*WHAT THIS TASK INVOLVES:*
Please retype the entries below word for word, passing over every picture.

(Collected data entries)
===============

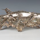 An Art Nouveau WMF plated centrepiece bowl of shaped oval form, the clear glass liner supported by a basket cast with a recumbent water nymph, a dragonfly, reeds and lily pads, bearing maker's stamp to underside of foot, width 43cm.
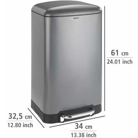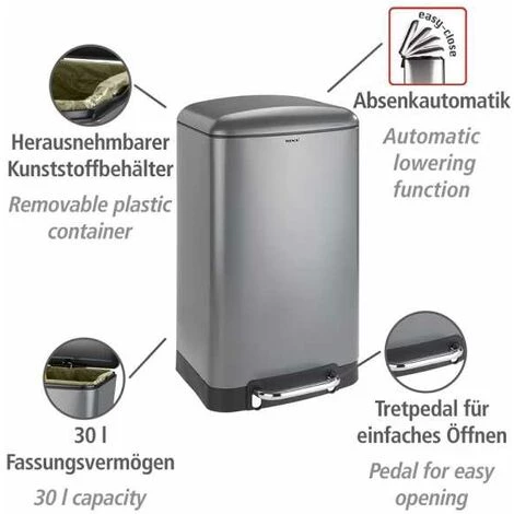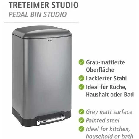 De qualité supérieure et tendance, la poubelle à pédale de la série Studio est fabriquée en acier vernis. La surface dépolie grise et la forme esthétique confèrent à la poubelle un aspect noble. Doté du système d’abaissement automatique Easy-Close de WENKO, le couvercle se ferme tout en douceur et silencieusement, sans chute bruyante. Grâce à sa fonction de pédale, la poubelle peut être ouverte sans aucune intervention manuelle et se referme automatiquement. La poubelle à pédale Studio offre une capacité de 30 litres et elle s’utilisera parfaitement en tant que poubelle dans la cuisine et l’ensemble du ménage ou dans la salle de bain. C’est notamment pourquoi l’efficace poubelle a été distinguée par la mention « Bien » par Haus und Garten (test 1/2017 Poubelles à pédale). Le jugement de Haus und Garten Test parle de lui-même : excellentes finitions et nettoyage extrêmement facile. Vous pouvez ainsi être certain qu’en achetant la poubelle à pédale Studio de WENKO, vous acquérez un produit testé d’excellente qualité.
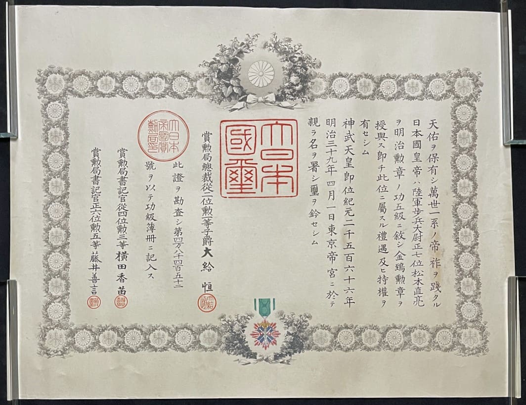 5th class Golden Kite order awarded on April 1, 1906 to Captain Naosuke Matsuki.
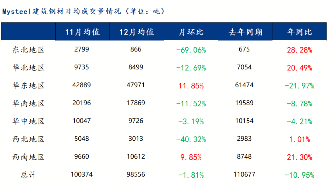 12月份全國建筑鋼材周產(chǎn)量先降后升,全月整體相對偏低。分區(qū)域來看,以螺紋鋼為例,七大區(qū)域周產(chǎn)量環(huán)比一增六降,其中西南小幅上升,其他區(qū)域均有所下降。
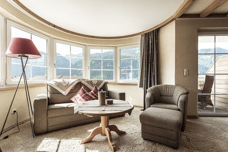 - Zwei Balkone (Ost- und Süd-Ausrichtung) mit Blick auf die Gräner Dorfkirche und das Neunerköpfle
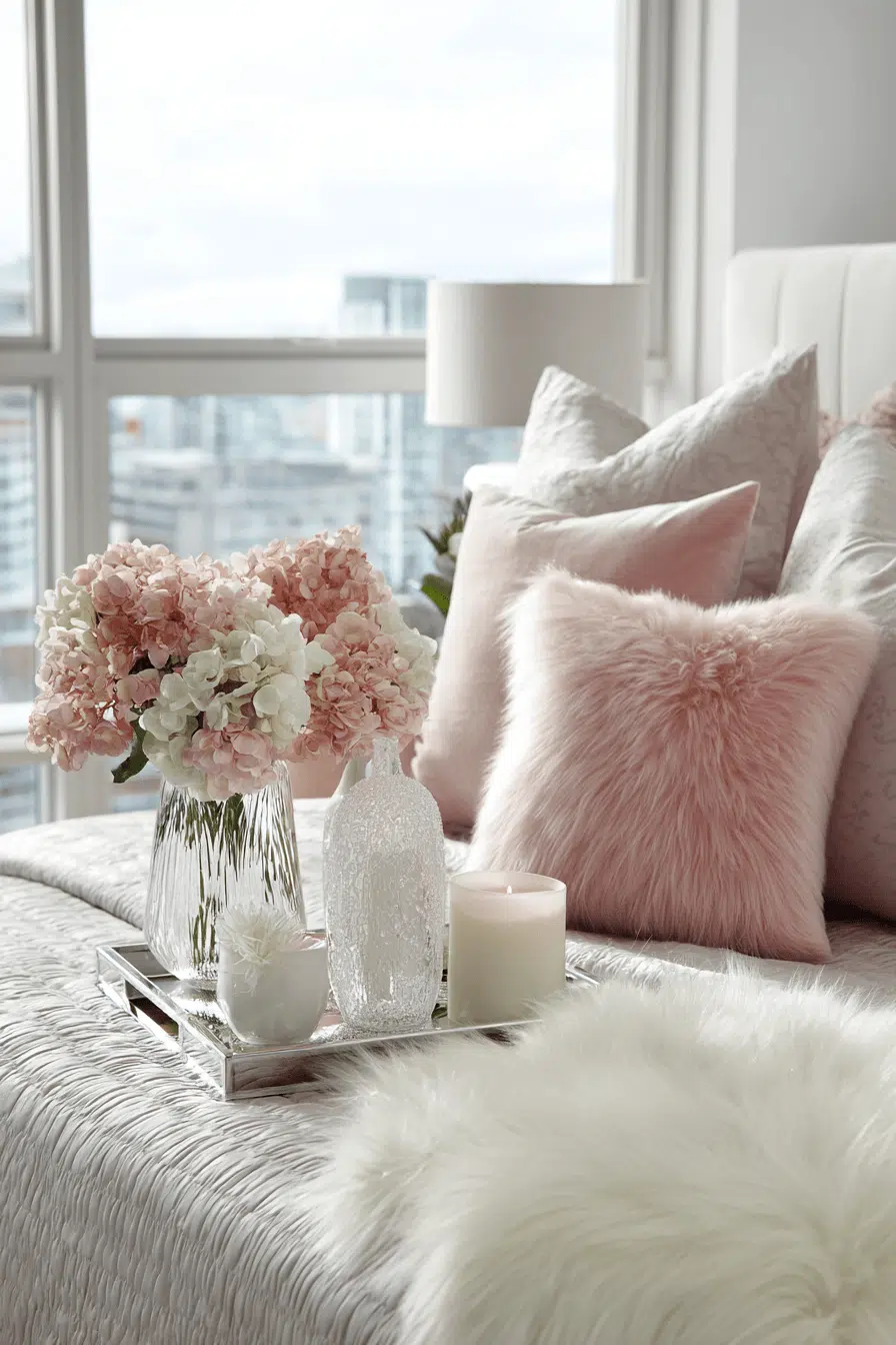 Cool, airy tones can refresh a feminine apartment with a modern yet comforting feel. Soft pinks, icy neutrals, and pale ivory shades create a crisp, open atmosphere. Layered textures like glass, faux fur, and brushed metals add dimension without heaviness. The palette keeps the space feeling light while still warm and inviting. It’s a fresh interpretation of soft feminine design. Every detail works together to maintain balance and clarity. Explore more feminine apartment ideas and achieve a clean, airy aesthetic.
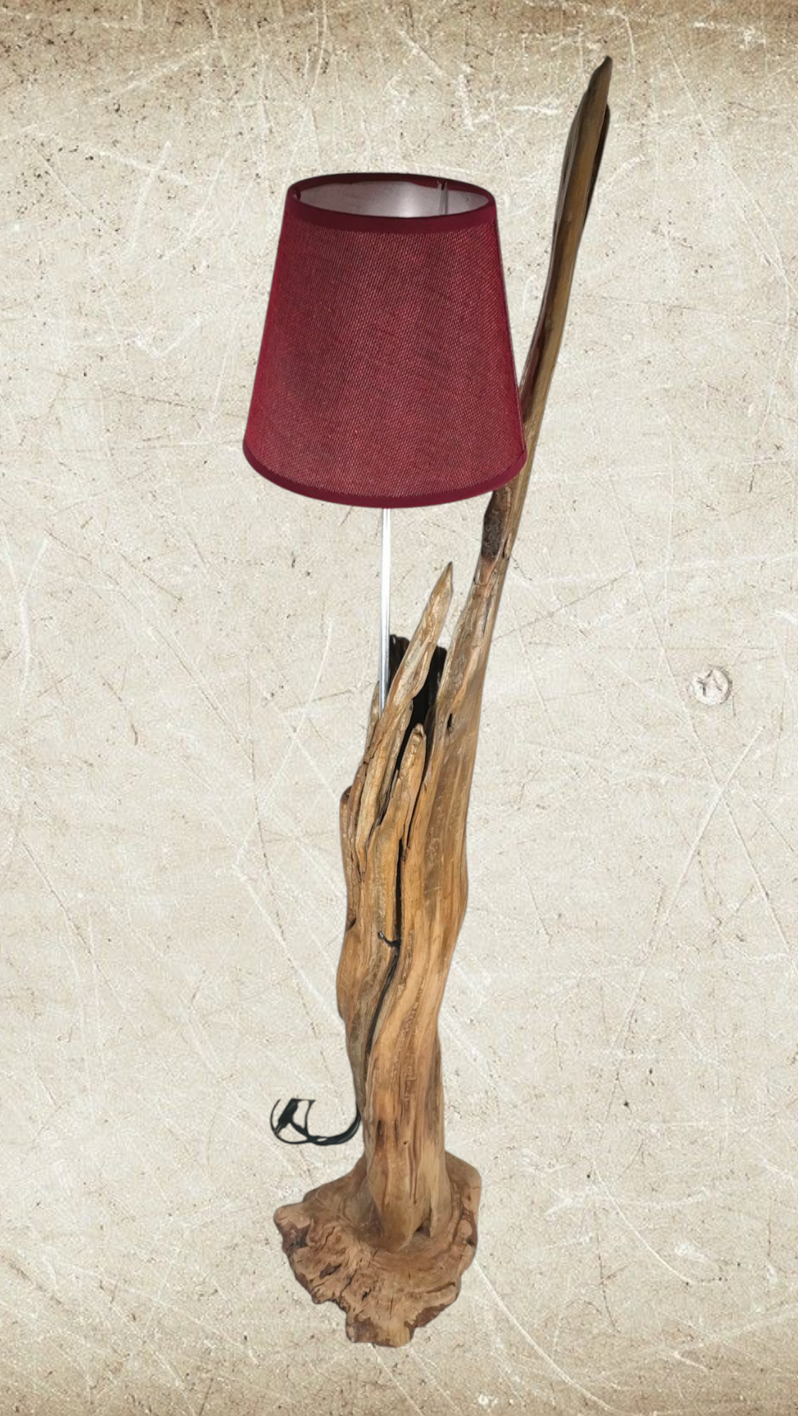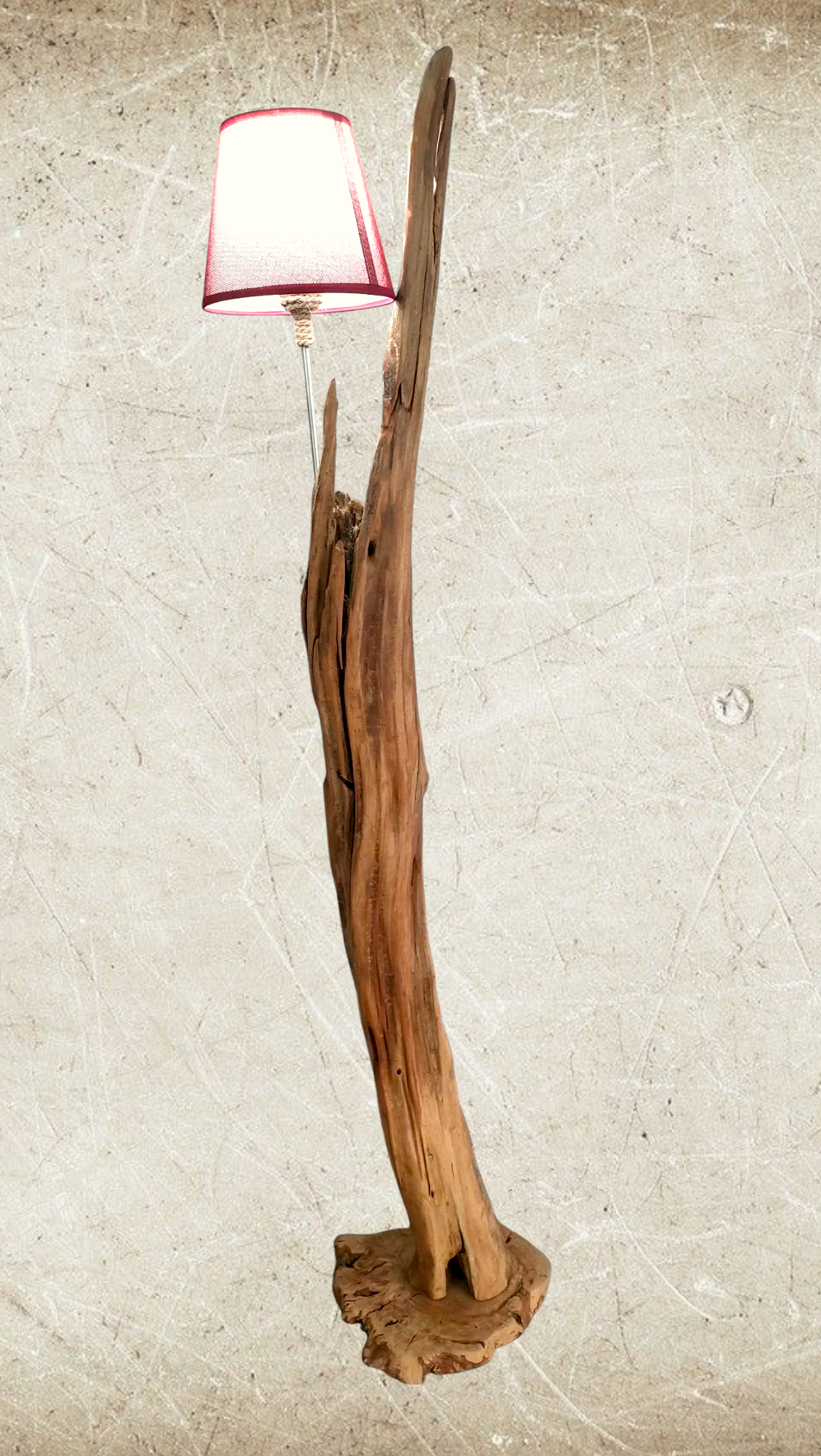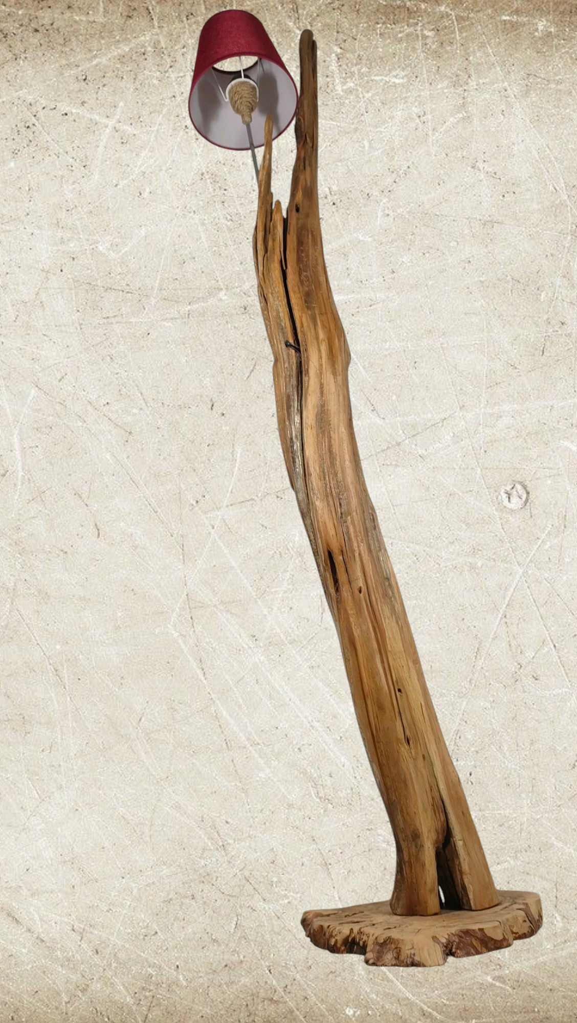 Cuenta con un punto de luz para bombillas E-27, soportado por una varilla de aluminio que esta insertada en la propia madera y casquillo forrado, parcialmente, en cuerda. Pantalla en color granate de 22cm

===============

*REPLY TO THE EXERCISE:*
 An Art Nouveau WMF plated centrepiece bowl of shaped oval form, the clear glass liner supported by a basket cast with a recumbent water nymph, a dragonfly, reeds and lily pads, bearing maker's stamp to underside of foot, width 43cm.
 De qualité supérieure et tendance, la poubelle à pédale de la série Studio est fabriquée en acier vernis. La surface dépolie grise et la forme esthétique confèrent à la poubelle un aspect noble. Doté du système d’abaissement automatique Easy-Close de WENKO, le couvercle se ferme tout en douceur et silencieusement, sans chute bruyante. Grâce à sa fonction de pédale, la poubelle peut être ouverte sans aucune intervention manuelle et se referme automatiquement. La poubelle à pédale Studio offre une capacité de 30 litres et elle s’utilisera parfaitement en tant que poubelle dans la cuisine et l’ensemble du ménage ou dans la salle de bain. C’est notamment pourquoi l’efficace poubelle a été distinguée par la mention « Bien » par Haus und Garten (test 1/2017 Poubelles à pédale). Le jugement de Haus und Garten Test parle de lui-même : excellentes finitions et nettoyage extrêmement facile. Vous pouvez ainsi être certain qu’en achetant la poubelle à pédale Studio de WENKO, vous acquérez un produit testé d’excellente qualité.
 5th class Golden Kite order awarded on April 1, 1906 to Captain Naosuke Matsuki.
 12月份全國建筑鋼材周產(chǎn)量先降后升,全月整體相對偏低。分區(qū)域來看,以螺紋鋼為例,七大區(qū)域周產(chǎn)量環(huán)比一增六降,其中西南小幅上升,其他區(qū)域均有所下降。
 - Zwei Balkone (Ost- und Süd-Ausrichtung) mit Blick auf die Gräner Dorfkirche und das Neunerköpfle
 Cool, airy tones can refresh a feminine apartment with a modern yet comforting feel. Soft pinks, icy neutrals, and pale ivory shades create a crisp, open atmosphere. Layered textures like glass, faux fur, and brushed metals add dimension without heaviness. The palette keeps the space feeling light while still warm and inviting. It’s a fresh interpretation of soft feminine design. Every detail works together to maintain balance and clarity. Explore more feminine apartment ideas and achieve a clean, airy aesthetic.
 Cuenta con un punto de luz para bombillas E-27, soportado por una varilla de aluminio que esta insertada en la propia madera y casquillo forrado, parcialmente, en cuerda. Pantalla en color granate de 22cm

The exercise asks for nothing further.